Next year, however, when the quilting crowds visit the expansive Seventh Street studio, it will have new owners and a new name.
Fallert-Gentry sold her studio in January to Paper Pieces, a quilting retailer specializing in English paper piecing techniques. A three-time Best in Show winner, she plans to move permanently to Washington state to set up her new life with her new husband after the show ends.
"It is very bittersweet," Fallert-Gentry said. "I have loved every minute of working and living here. The community and the people have been so supportive. I designed this building and built it from scratch."
Fallert-Gentry, an Illinois native, first visited Paducah to go to the quilt show and to check out the city's Artist in Residency program. In June of 2005, she and her husband were deeded two lots in Lower Town and broke ground on what would become an 8,000-square-foot home, studio and retail shop on Seventh Street.

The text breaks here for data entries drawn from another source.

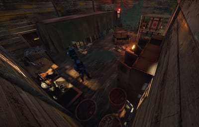 - Some scattered crates, a toolbox and barrels outside rooms.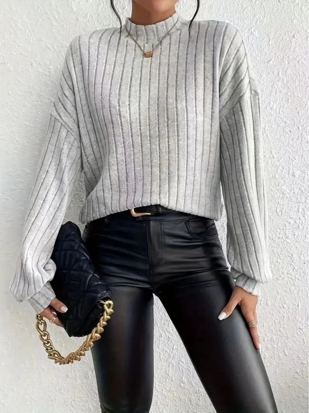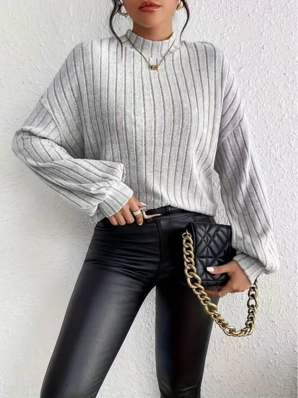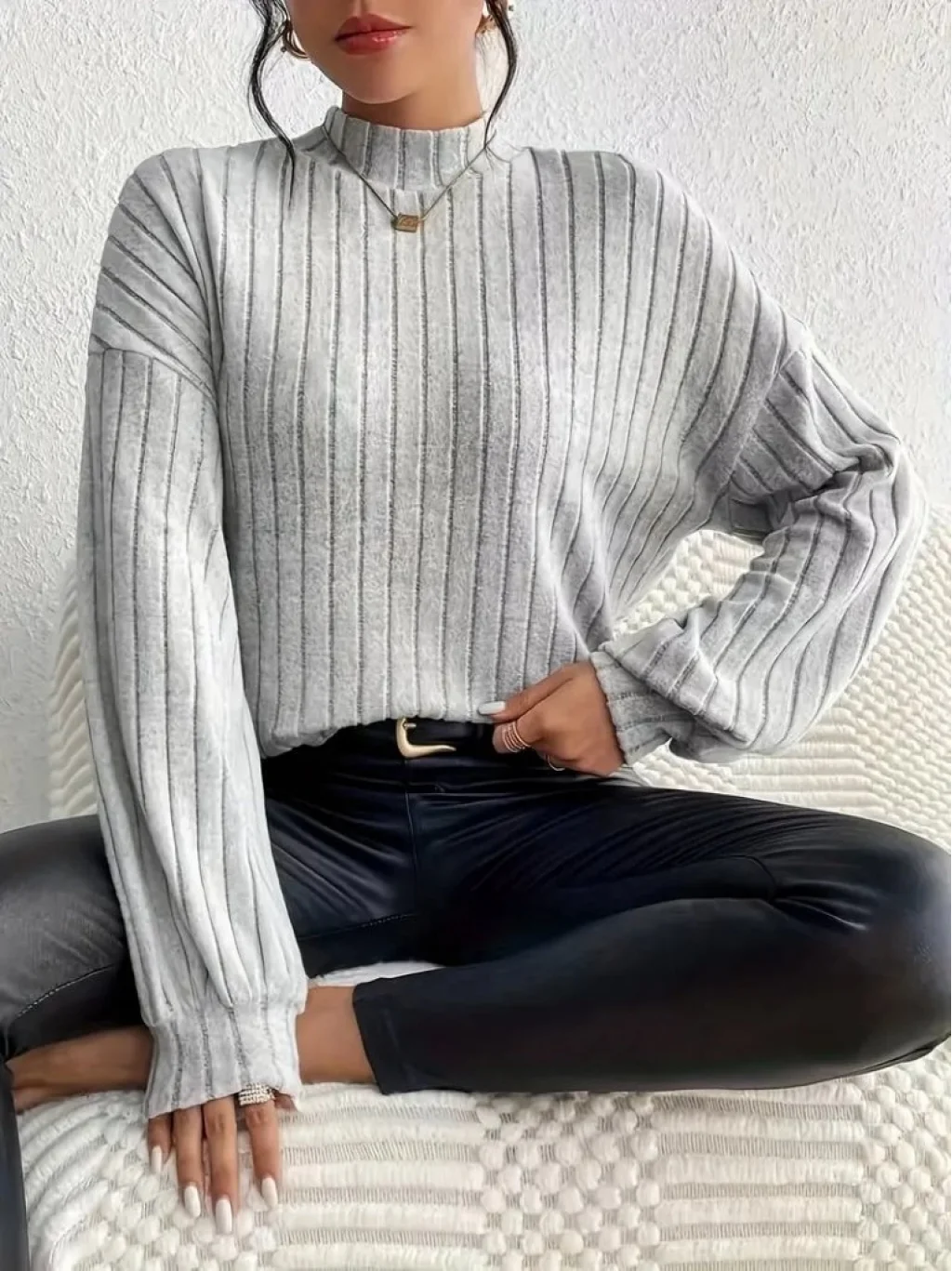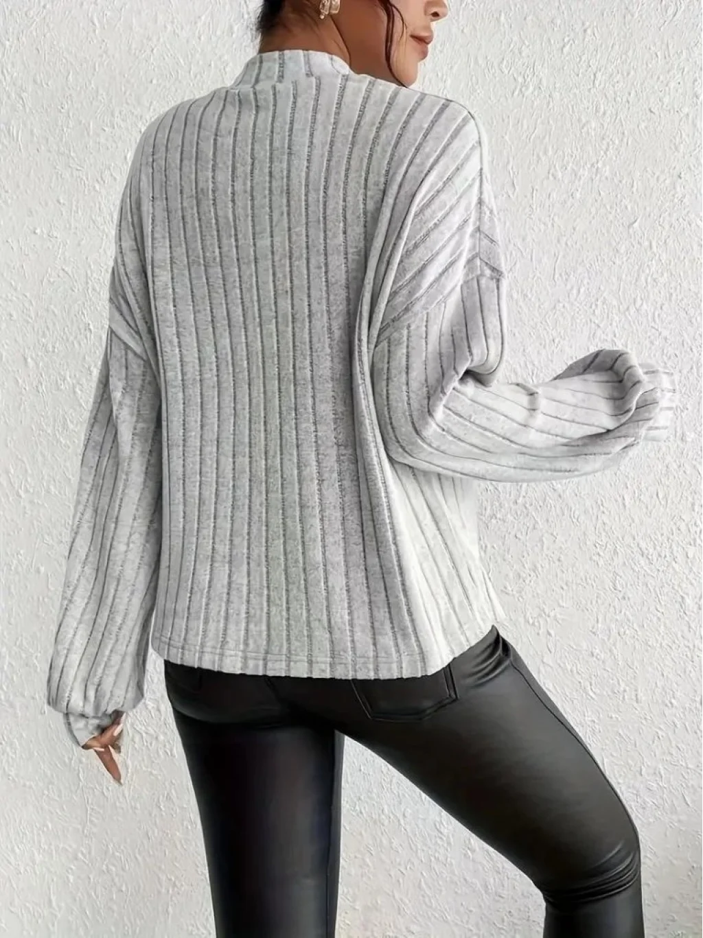 Kadın Uzun Kollu Yarı Balıkçı Yaka Salaş şardonlu Kaşkorse Bluz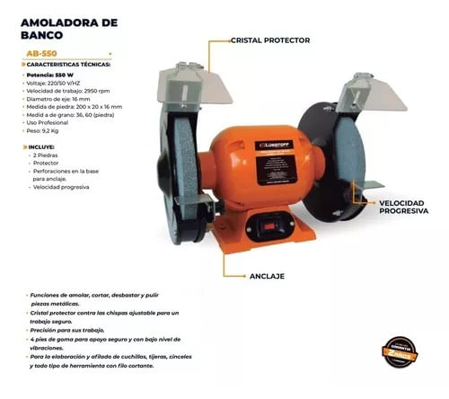 - Tipo de amoladora: De banco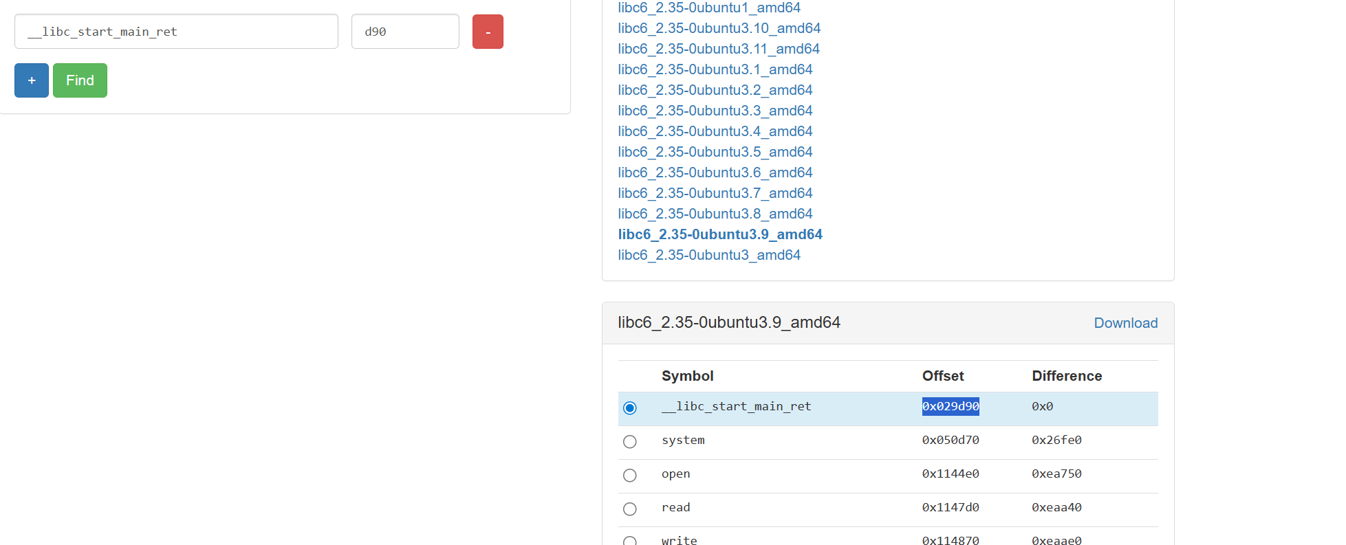 libc_base=addr-0x029d90 rdi=libc_base+0x02a3e5 ret=libc_base+0x029139 system=libc_base+libc.sym['system'] bin_sh=libc_base+next(libc.search('/bin/sh\x00'))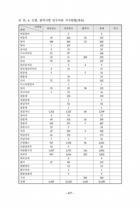 표 Ⅵ- 4. 도별, 광역시별 담수어류 서식현황 계속 지역명 종명 경상남도 경상북도 광역시 전체 비고 버들붕어 2 2 버들치 19 266 30 315 붕어 188 560 72 820 빙어 1 101 102 송사리 5 15 20 수수미꾸리 51 97 148 숭어 15 11 209 235 쉬리 79 78 157 얼룩동사리 5 4 9 얼룩새코미꾸리 2 15 17 왕종개 5 5 10 왜몰개 10 10 은어 71 71 142 이스라엘잉어 1 1 잉어 32 55 38 125 자가사리 1 15 16 점몰개 139 139 점줄종개 3 3 줄납자루 52 52 줄몰개 1 1 참갈겨니 1,314 1,327 68 2,709 참마자 4 73 77 참몰개 49 132 24 205 참붕어 109 371 7 487 참중고기 15 9 2...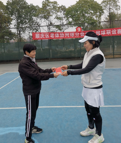 2025年1月 22 日,南充市顺庆区老体协网球分会主席胡兰前往该市体育公园网球场,代表分会全体会员,向正在打扫球场卫生的谢淑蓉送上 1000 元慰问金,表达对她一年辛勤付出的感激,同时祝福谢淑蓉及其家人新春安康幸福。

They opened the shop the next year.
A year and a half after they moved from Chicago, her husband passed away.
She quilted to stave off loneliness. Then she took up dancing. After five years, Fallert-Gentry said, she was ready to share her life with someone again.
That's when she met Ron Gentry, a scientist from Washington. The pair fell in love and married last year in a modest, four-person ceremony at the National Quilt Museum. They stood in front of her Best in Show quilt, "Migration #2," during the ceremony.
Fallert-Gentry split her time between Port Townsend, Wash., and Paducah, after setting up BryerPatch West - which overlooks mountains and the Puget Sound - in the couple's Washington home. She will continue to quilt but plans to retire from retail.
Her fabrics and books will still be sold in Lower Town at the new Paper Pieces location. Paper Pieces owners JoAnne Louis, Jessica Austin and Max Finn will run the retail shop year-round. Louis and her husband will live in the building as well.
"I feel as though I am leaving the building in good hands," Fallert-Gentry said. "They fit very well in Lower Town. They're just as colorful as I am."
Louis has come to Paducah for Quilt Week for the past 15 years, and she's always wanted to live in Quilt City, USA. A friend told her that Fallert-Gentry's home was for sale. She and her husband visited the home in early December, and purchased it a month later.
They will officially open Paper Pieces on June 1 but are sharing the retail space this week to help with the transition.
Visitors can see Fallert-Gentry's "30 Quilts for 30 Years" exhibit and buy her retail products while also meeting Louis and her team.
"To say we are excited would be an understatement," Louis said. "This has been a great experience so far, and we can't wait for more."
The Lower Town community has already thrown the Paper Pieces crew a potluck dinner, and they are weaving their way into the artist community nicely, Fallert-Gentry said.
"I will be here," she said. "I will still have entries into the quilt show, and I will still visit every year. I will be here, but I am excited to start this next part of my life."